What is needed -> The whole listing below is to be copied exactly, with every picture left out.

Recorded information ->
━━━━━━━━━━

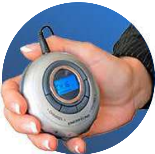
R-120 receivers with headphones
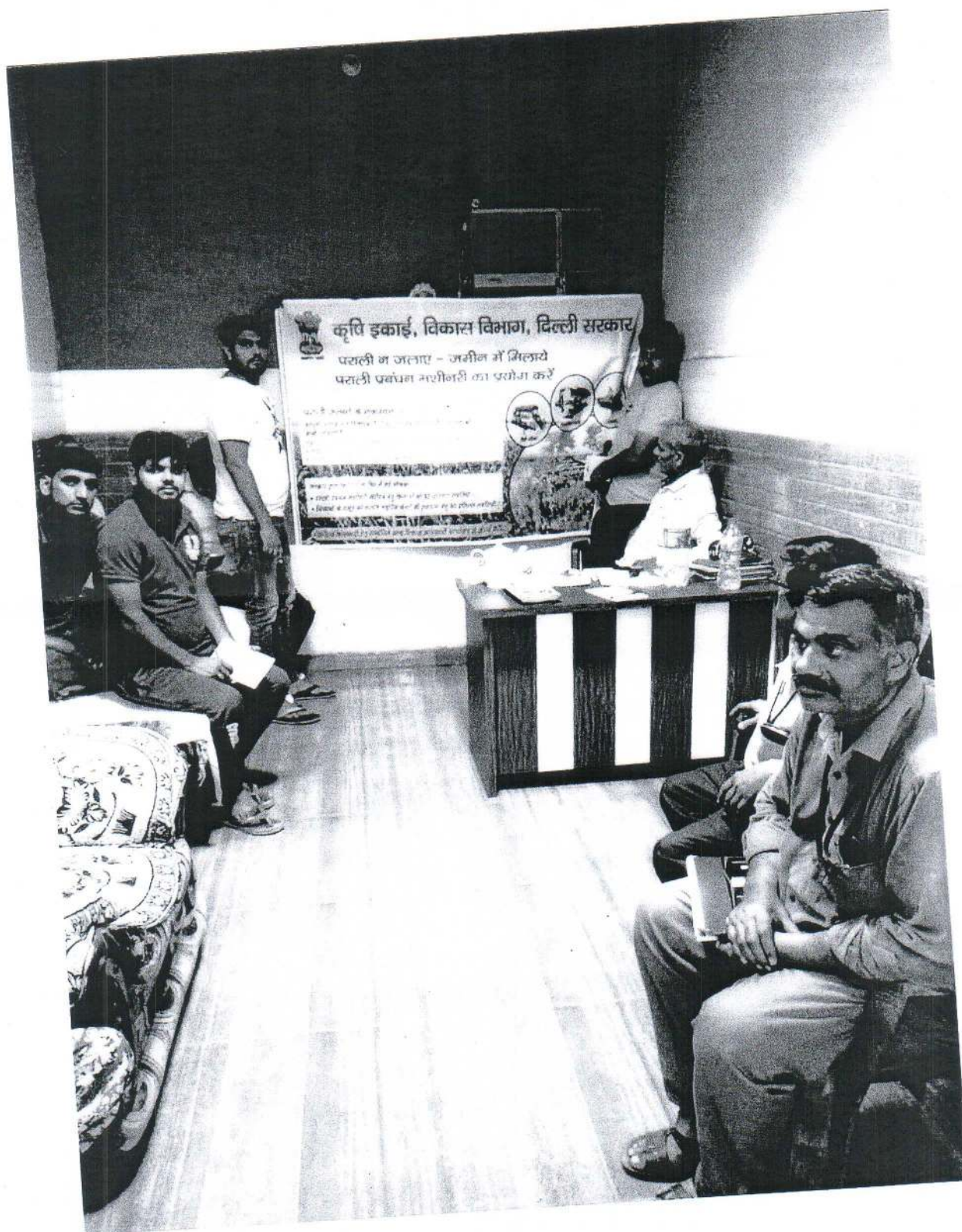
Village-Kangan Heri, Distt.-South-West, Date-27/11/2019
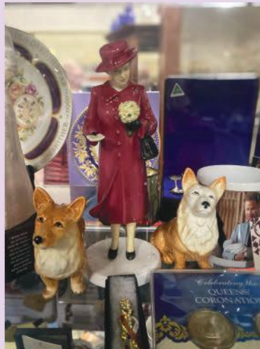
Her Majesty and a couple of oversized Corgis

━━━━━━━━━━

Result of this task ->
R-120 receivers with headphones
Village-Kangan Heri, Distt.-South-West, Date-27/11/2019
Her Majesty and a couple of oversized Corgis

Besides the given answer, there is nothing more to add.